Two days before Christmas, my two year old daughter broke her ankle. She was sitting on the second of two porch steps with her feet resting on the bottom one. Both my wife and I were occupied by our other two children, and when we heard screaming and saw her laying flat on her face on the ground, I expected something like a scraped forehead or a busted lip. But after swelling and bruising of her ankle and her refusal to walk the next few days, my wife eventually took her to get x-rays. Two breaks. My wife accompanied her as she was fitted with a cast and we were told that she would have three weeks for it to come off, but after that, she should be as good as new.
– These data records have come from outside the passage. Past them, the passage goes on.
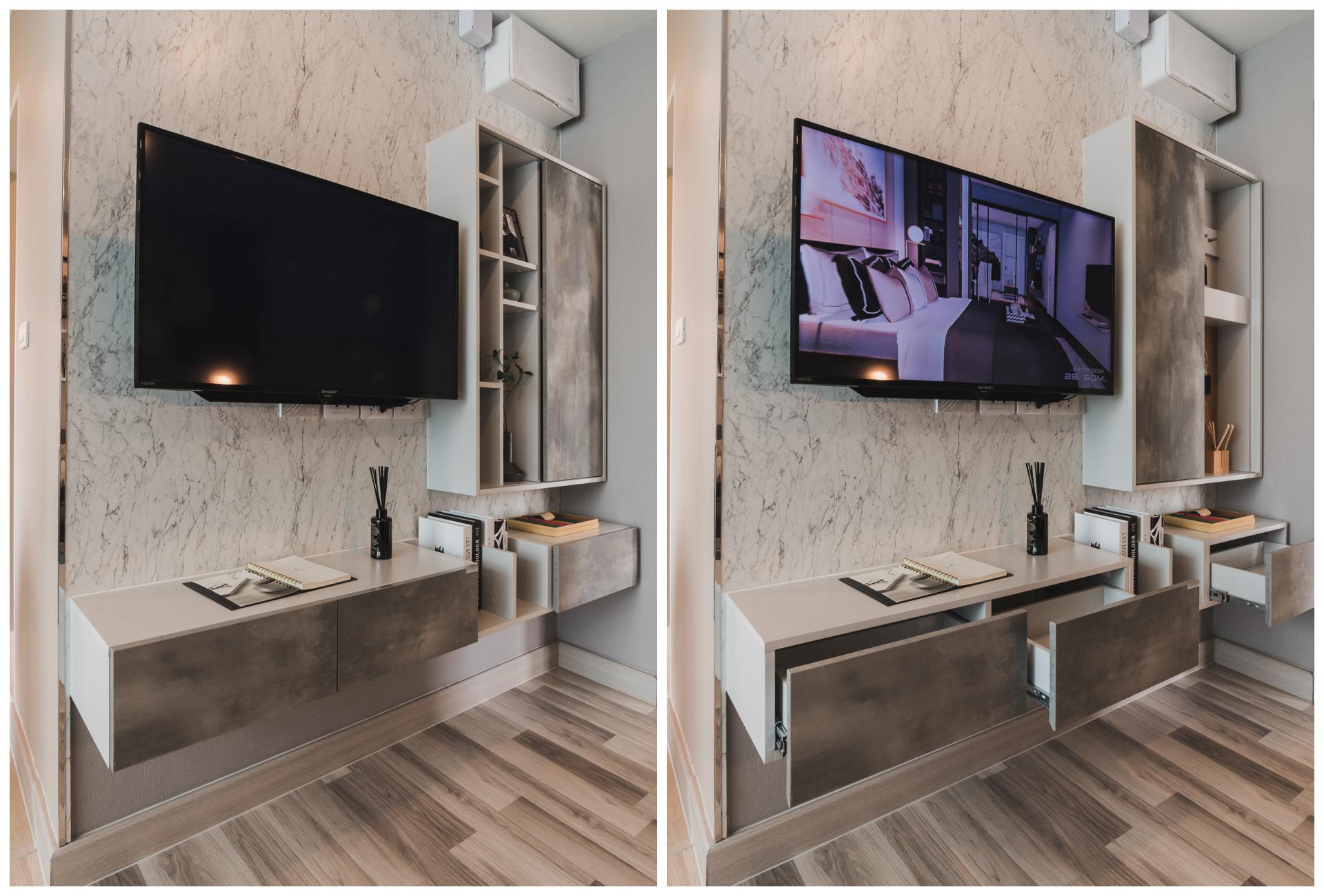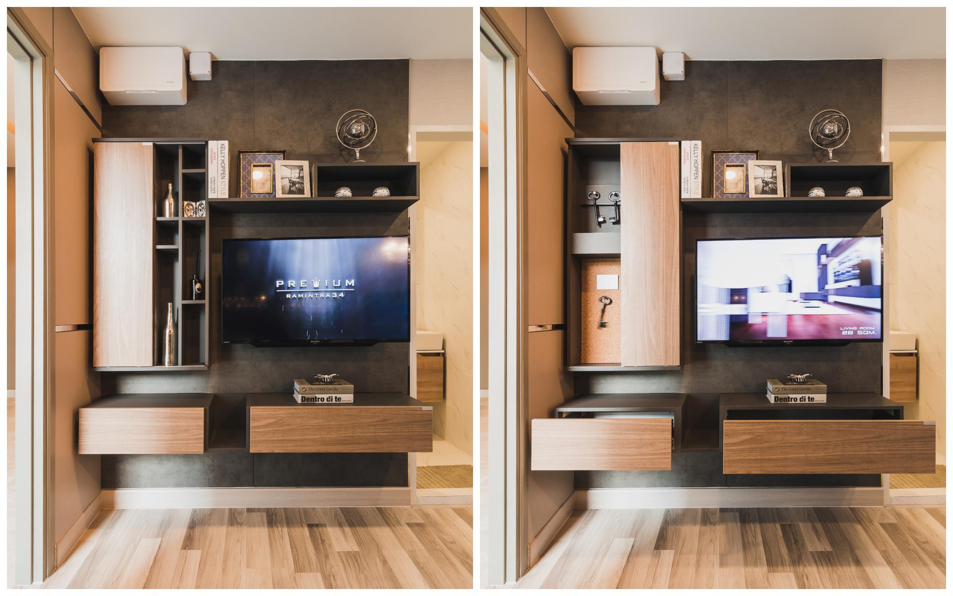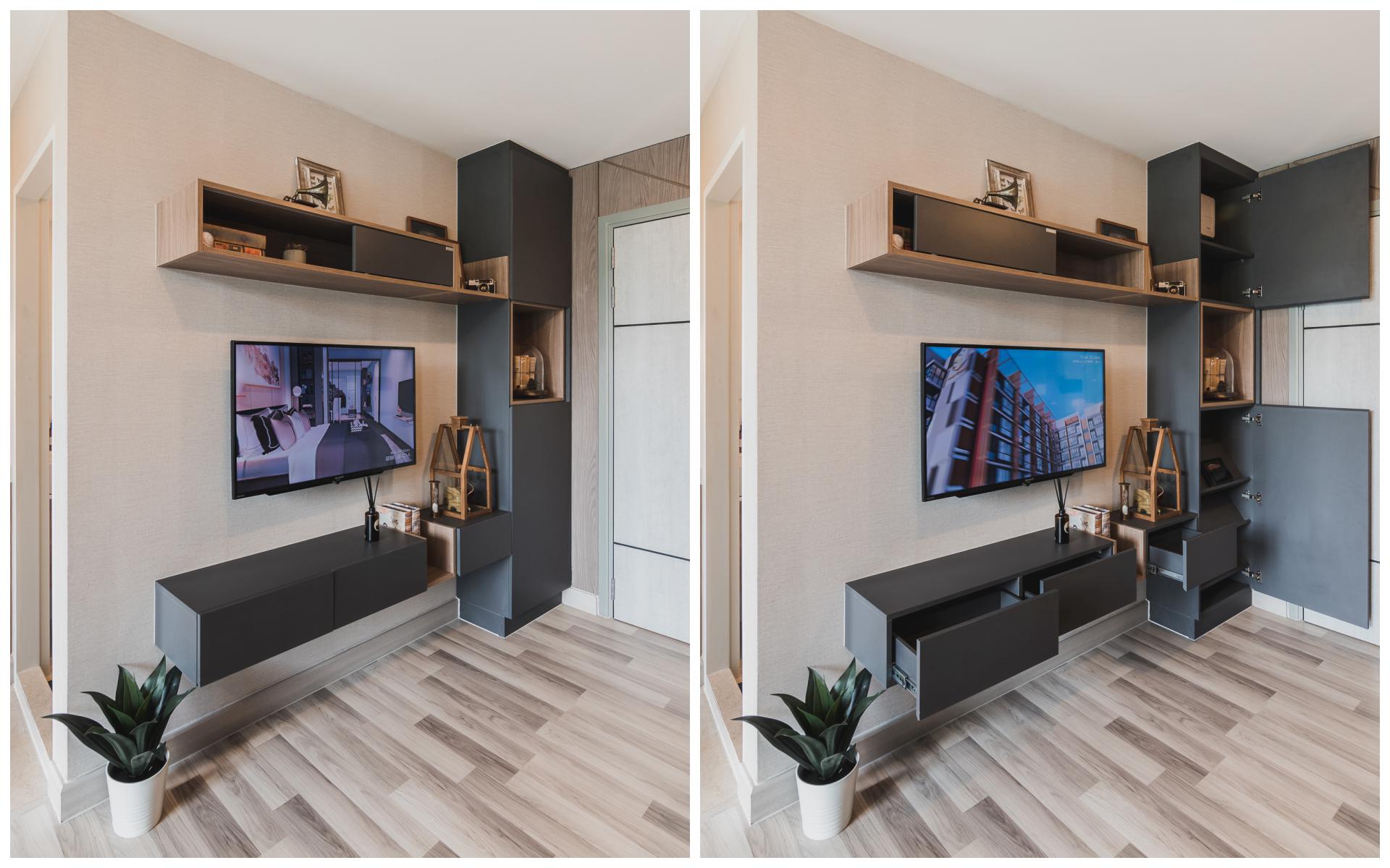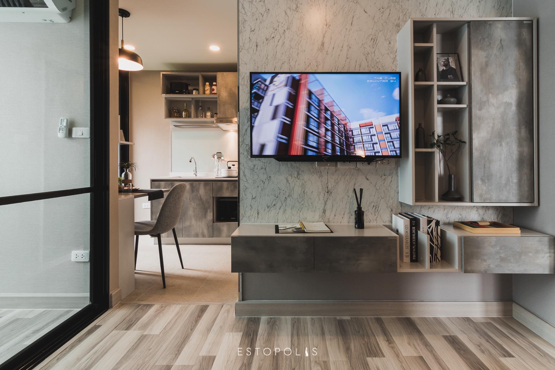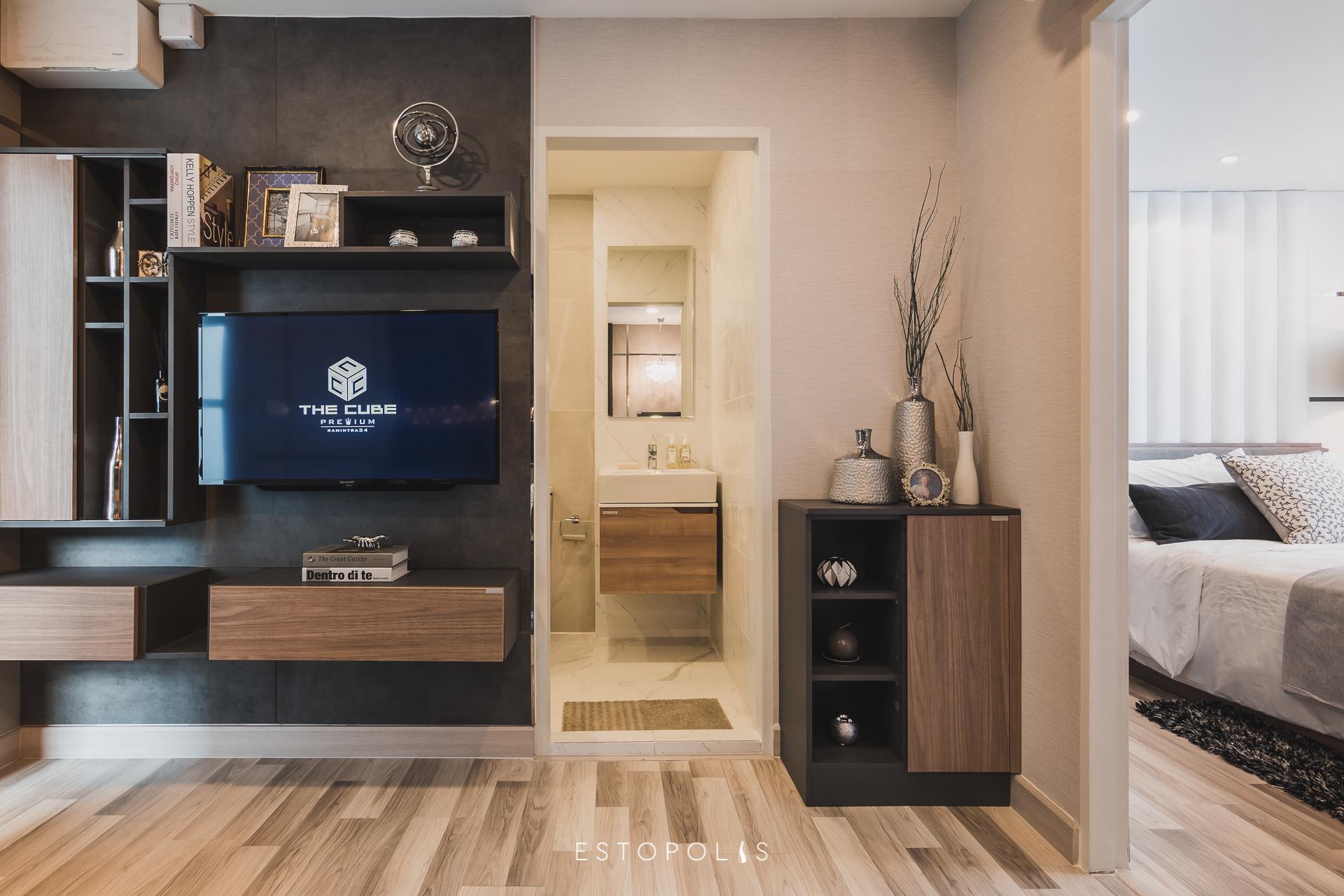 นอกจากโซฟา , โต๊ะกาแฟ และชุดโต๊ะรับประทานอาหารแล้ว โครงการเดอะคิวบ์ พรีเมียม รามอินทรา 34 ก็ได้บิลด์อิน (Built in) ชั้นวางโทรทัศน์บานเปิดปิด Soft Close ให้ด้วยเช่นกัน ในลักษณะติดผนังคู่กลับตู้รองเท้าด้านข้าง
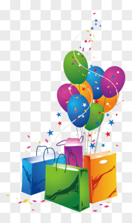 卡通四个幼儿园小朋友拿着气球和礼盒免抠元素
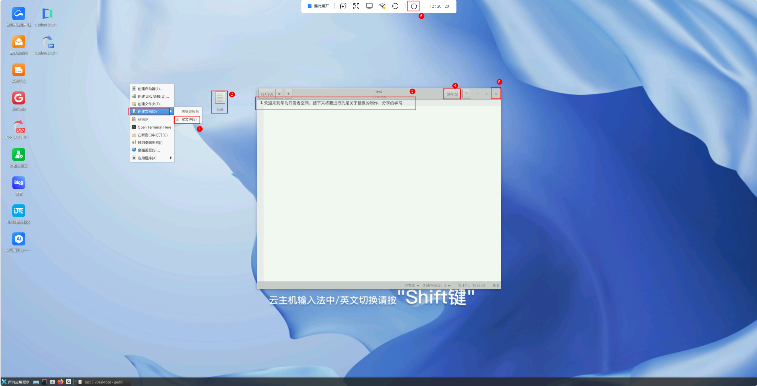 示例操作:进入云主机桌面,右键创建文档,将其命名为test,并在正文中输入欢迎来到华为开发者空间,接下来将要进行的是关于镜像的制作、分享的学习,保存,关闭文件。点云主机上方的关机,等待云主机完成关机。
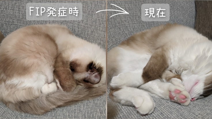 FIP発症時は小さく丸まって、外との世界を遮断するように1日中寝ていました。とても苦しい状態だったと思います。未承認薬を投与して元気になり、食欲が戻るのに合わせて、リラックスして寝るようになりました。気持ち良さそうに寝ているシナモンを見ると、苦しみから解放されていることを実感します。
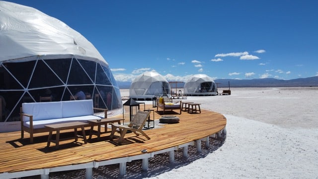Nel nord-ovest dell’Argentina, i campi tendati delle Salinas Grandes evocano la forma dei granuli di sale, creando un legame visivo e tattile con il paesaggio salino. Qui, gli ospiti possono vivere un’esperienza unica, circondati dall’immensità delle saline, in alloggi che sembrano emergere direttamente dalla terra.
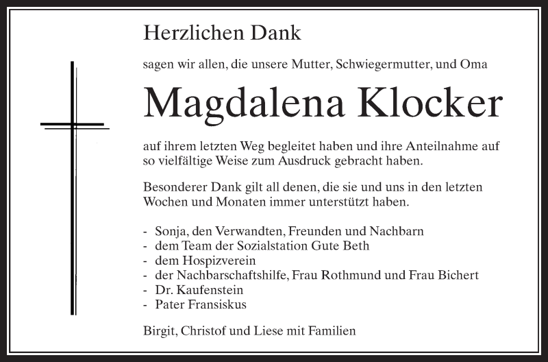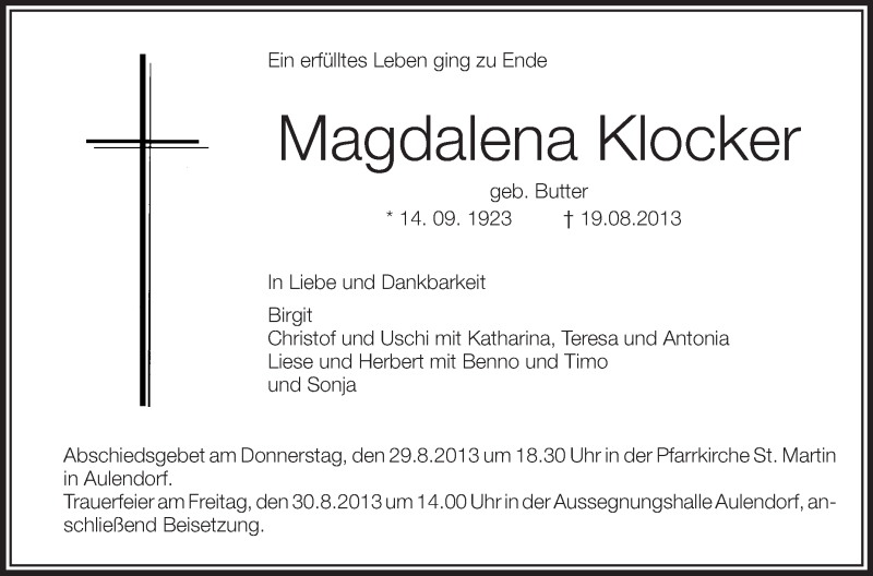 Hier finden Sie alle Traueranzeigen aus der Zeitung, die bisher für Magdalena Klocker erschienen sind. Weitere Traueranzeigen, die in der Zeitung erscheinen, werden hier ebenfalls aufgelistet

Two days before the end of the Christmas season, my eight year old son gashed his forehead open. He was at his friend’s house, and they were running around as boys do. At one point my son fell into the corner of a halfwall that separated the kitchen from the living room. We got a phone call from his friend’s mom, and I went right away. He and I went to urgent care and then were sent to the ER. Finally, after hours of seeking medical attention, I watched as he received three stitches to seal the wound above his right eye that would be removed five days later.
For both my wife and I, each injury caused us varying amounts of fear and stress. We wanted to deliver our children from their pain as soon as possible. And once we got treatment and were notified the amount of time each injury would take to heal, it gave us some relief. But then we had to wait for their bodies to work on their own time.
It was not lost on me as we transitioned from the Christmas season to Ordinary Time that this is how God has chosen to form us into His sons and daughters. We are a people broken from our sin and in need of healing. Jesus comes to give us that aid during the Christmas Season. He is the diagnosis and the treatment for our sins. He comes to us and gives us the peace of mind to know that healing is here. But that healing takes time. And that time is spent with us for thirty-three years as His presence heals the human race, and continues as Jesus remains sacramentally present in His Church.
The injuries of my children have become a parable to my family on how God has loved us. At Christmas, He came to us in our brokenness to be Emmanuel – God with us. But then after that excitement wears off, he continues to stay with us in the healing process. This is Ordinary Time: knowing that God is with us, and together we have set up a rhythm of life to heal with His assistance in His love. So as we prepare for the Lenten season coming up, let us not look past this season of Ordinary Time. It is meant to be a season in which God can work in an ordinary way, and often, that is when most of our healing takes place.